Monday, April 24, 2017

Diving with Dragons

“I’m gonna Mexican the shit outta this!!!”

Close to six years later, on another little island in the middle of nowhere, David is still one of the most happy-go-lucky, sincere and driven guys I’ve ever met… and he’s also still chasing sharks for life. Except this time, instead of helping me clarify whether something is Kosher for Passover with our GalapagueƱo host, we’re parking in a slightly cheeky position in downtown Hobart. We spend the next two hours catching up over cider and beer and smoked salmon… and really terribly taken selfies.

Hobart becomes my home base for a few days. I hike up through glistening veils of fog on Mt. Wellington’s forested slopes as my friend Dan teaches me differences between primitive and more evolved ferns and points out cockatoo totems, and we watch translucent alien flatworms shoot across soft, leaf-littered earth. I drive to Bonorong Wildlife Sanctuary, where Tasmanian Devils hold their heads high and proud as they carry prized chicken carcasses around their enclosures. They’re raised here as one of several backup populations in Tasmania, ensuring their species’ survival despite the Facial Tumor Disease so prevalent and so easily spread amongst the territory’s dwindling wild population. I hand feed monster papa kangaroos and bitty baby kangaroos as they lounge like kings in the sanctuary. Back in the city, I lie back on playgrounds under the night sky and watch clouds move at superspeed over my head.

And, David takes me diving for the first time in six years.

The Huon River runs so dark with tannin carried from Tasmania’s buttongrass highlands that it stains the sun’s rays beneath the ocean’s surface where it empties into the Pacific. The unassuming reef at Nine Pins Point hides surprising treasures: a monster blue-purple eel lurks amongst the rocks and coral. An orange anemone covered in electric blue stripes appears more to be a mass of fish eggs than a single organism. And a single, small golden fan anchors to a rock six meters down, the water’s reduced light allowing this understated gem of a coral to survive in the shallows, opposed to its usual happy place at 35 or 40 meters’ depth.

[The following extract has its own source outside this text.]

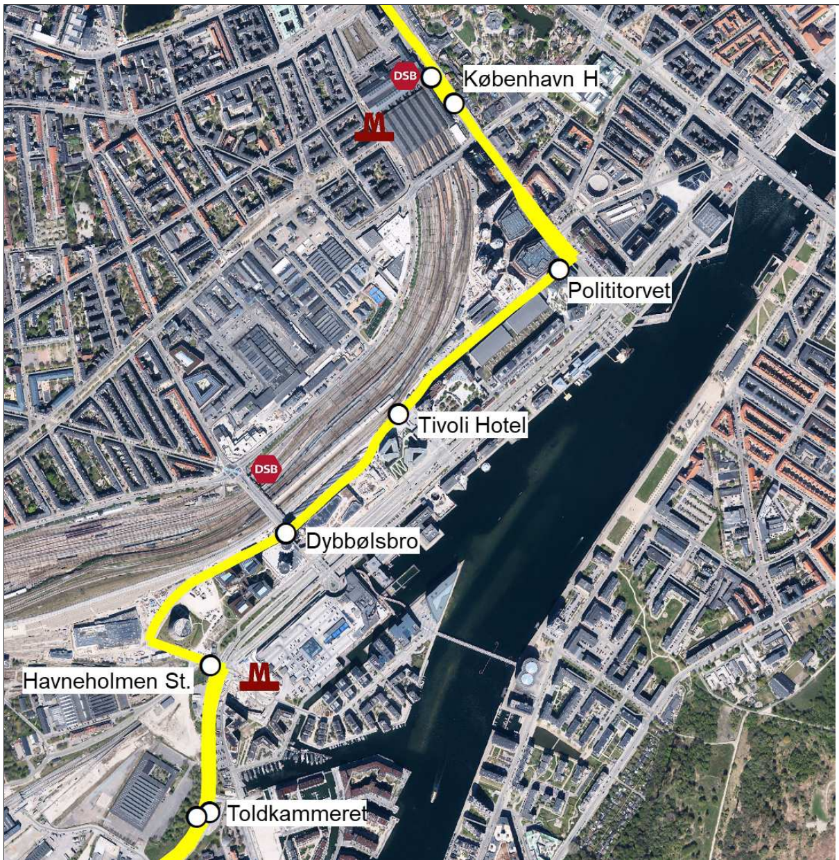
Kortet viser forslag til en ruteføring ad Carsten Niebuhrs Gade for linje 17

Forslaget betyder at linje 17 vil kunne nærbetjene de aktiviteter som findes, og fremkommer, langs Carsten Niebuhrs Gade, herunder Tivoli Hotel, den nye busterminal, Ikea, Kaktustårnene og styrelsernes hovedkontor i nummer 43. Samtidig opnås der forbindelse til den nye metrostation på Havneholmen. Det vil dog også betyde at forbindelsen til Fisketorvet bliver lidt længere, men shoppingcenteret vil dog opnå god betjening med den nye metrostation.

Three days later I drop into the water once again out of Eaglehawk Neck, a slender spit of land connecting Tasmania’s mainland to a world of plunging dolerite sea cliffs and spindly, teetering stacks. The wind that day whips in so furiously that whitecaps form in the opposite direction of oncoming swell, spraying over our small boat as we motor out of the harbor. The thousands of black swans teeming in tidal bays yesterday have disappeared from sight.

Chaos turns to calm as we sink into the water in a small, sheltered cove where we’ve dropped anchor. So much grass and kelp blanket the sea floor that its hard to tell if I’m moving, or if the floor is moving, or if it’s simply the water’s rhythmic oscillation. The sea dragon, when we find it, appears as an ethereal work of art. He’s over a foot long, a red giant compared to the seahorses I’ve seen elsewhere. His spotted body turns to green under the belly, and broad, fanning yellow and crimson dorsal fins extend from its back. His slender tail carries pearly eggs as his trumpet-shaped snout reaches far in front of him, tiny mouth opening to collect microscopic krill as he flutters his way unhurriedly amongst the weed.

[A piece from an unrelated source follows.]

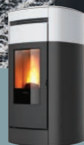
Cerámica blanco mate Cerâmica branca opaca Κεραμικό λευκό ματ Opaque white ceramic

Posibilidad de desviar el aire caliente canalizado(B) Possibilidade de desviar o ar quente canalizado (B) Δυνατότητα εκτροπής της παροχής θερμού αέρα (B) Choice to divert ducted hot air (B)

The next day we head southward to Cape Huay, where a colony of New Zealand fur seals  lounge and fight and play amongst a chunky pile of rocks cradled in the interchange between the swell’s spray and dark plunging cliffs. The 7-mm wetsuits we wrestled on before leaving the dive center cut the water’s chill as the water’s roll pulls us up and down and weed dances around us. Seals twist through the water and loop around each other, passing through our bubbles as they dip downward amongst us.

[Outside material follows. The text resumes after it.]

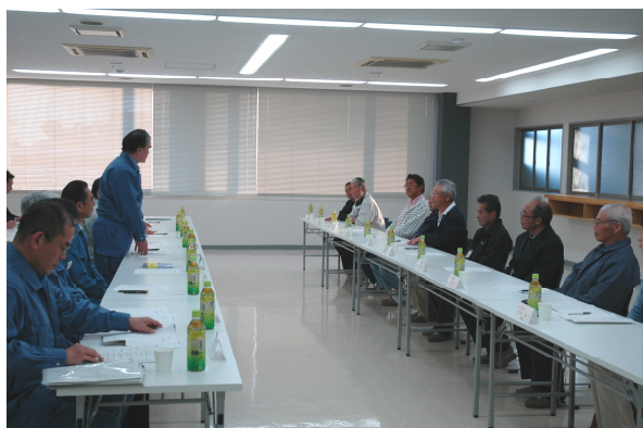
町民と懇談する平野大臣

On our way back we drop down to explore the peninsula’s walls. A maze of passages and shallow caverns twists beneath the waves, betraying millions of years of battering against soft rock. Light leaves the water as caves close above us, and walls blanketed in yellow-orange sea pens give way to yawning shadows. Back in the light, cuttlefish lurk beneath narrow shelves, camouflaged against the sand, stubby tentacles curled close. Wrasse teem against the walls, something related to Dori fins its way past me, and I return to breezy open air with a smile.